In the data below, restate exactly the lines from the one with "La Champions League" to the final line, both included, but not the pictures.

# Recorded data:
- - -
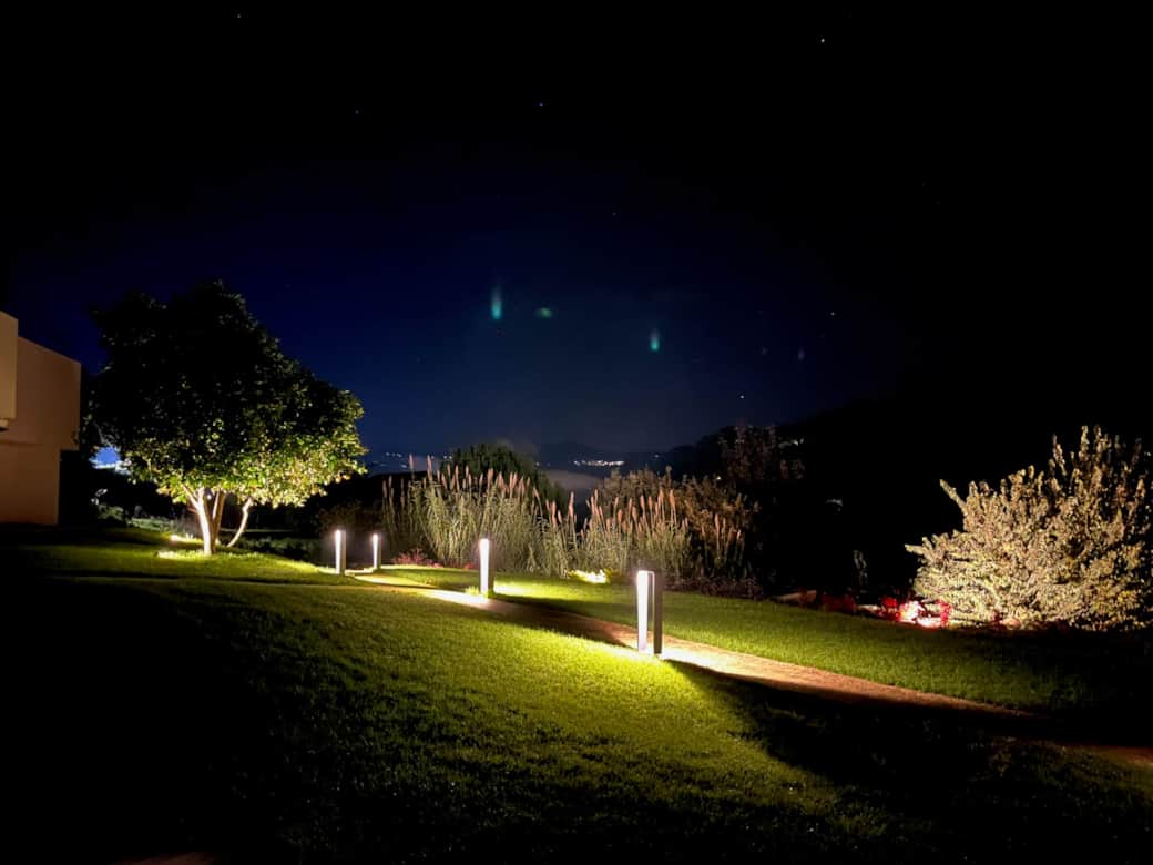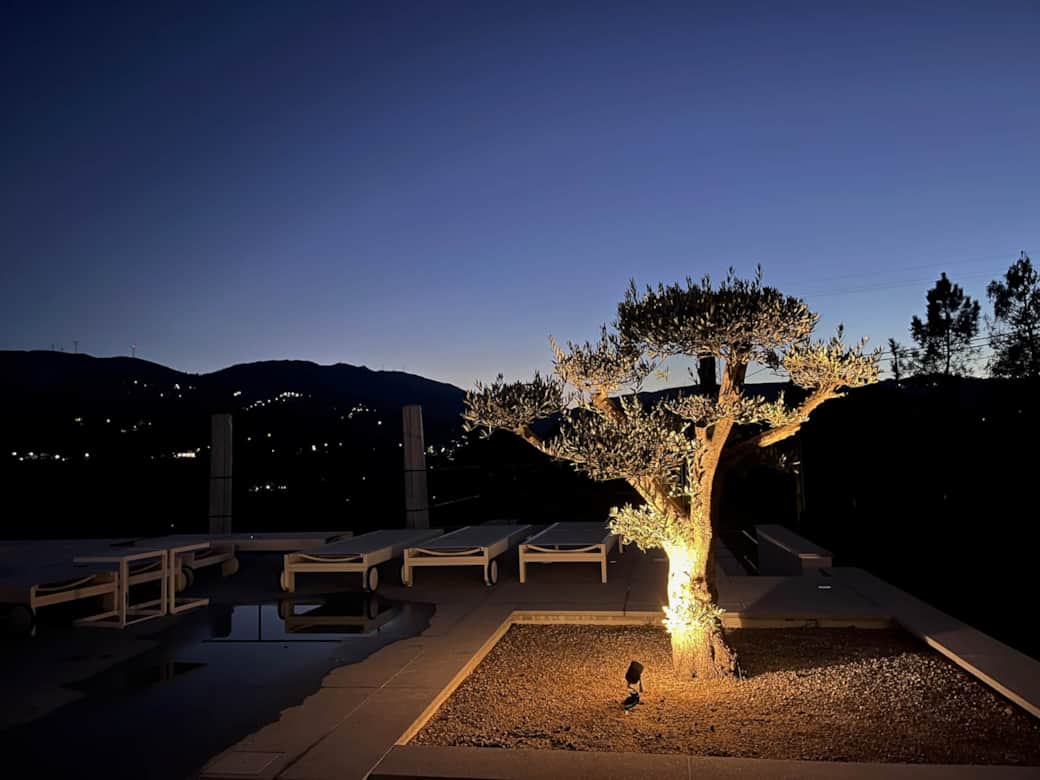 Bei Einbruch der Dämmerung entfaltet sich ein faszinierendes Spiel aus Licht und Schatten: Bodenspots tauchen Bäume und Sträucher in warmes Licht, während lange Schatten über Terrassen und Pools tanzen. Die Silhouetten der Hügel und des Douro-Tals verschmelzen mit dem Sternenhimmel.
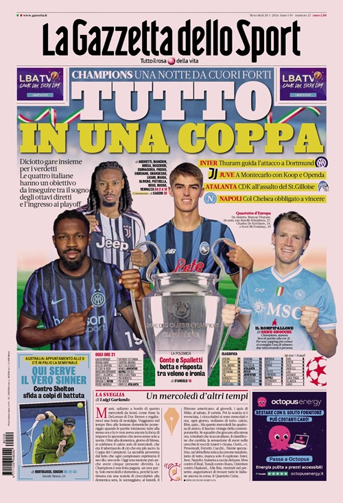 La Champions League e il calciomercato occupano le copertine odierne dei maggiori quotidiani sportivi nazionali. Queste infatti le prime pagine...
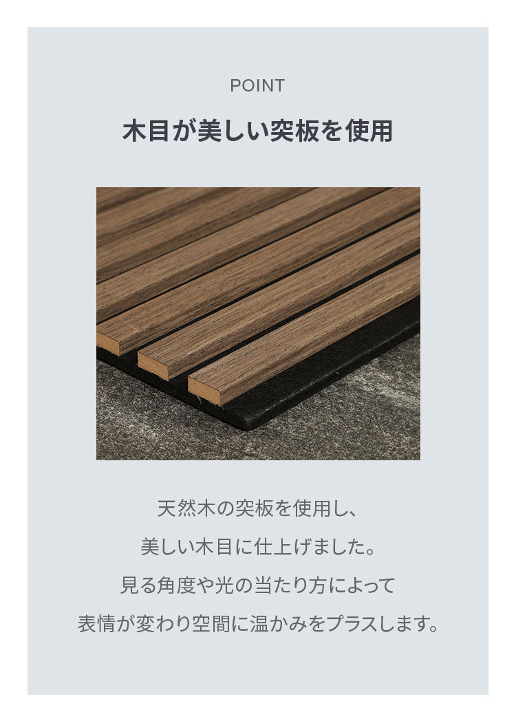 天然木の化粧を施し、インテリアに自然と溶け込む吸音ウォールパネルです。
- - -
# Reply:
 La Champions League e il calciomercato occupano le copertine odierne dei maggiori quotidiani sportivi nazionali. Queste infatti le prime pagine...
 天然木の化粧を施し、インテリアに自然と溶け込む吸音ウォールパネルです。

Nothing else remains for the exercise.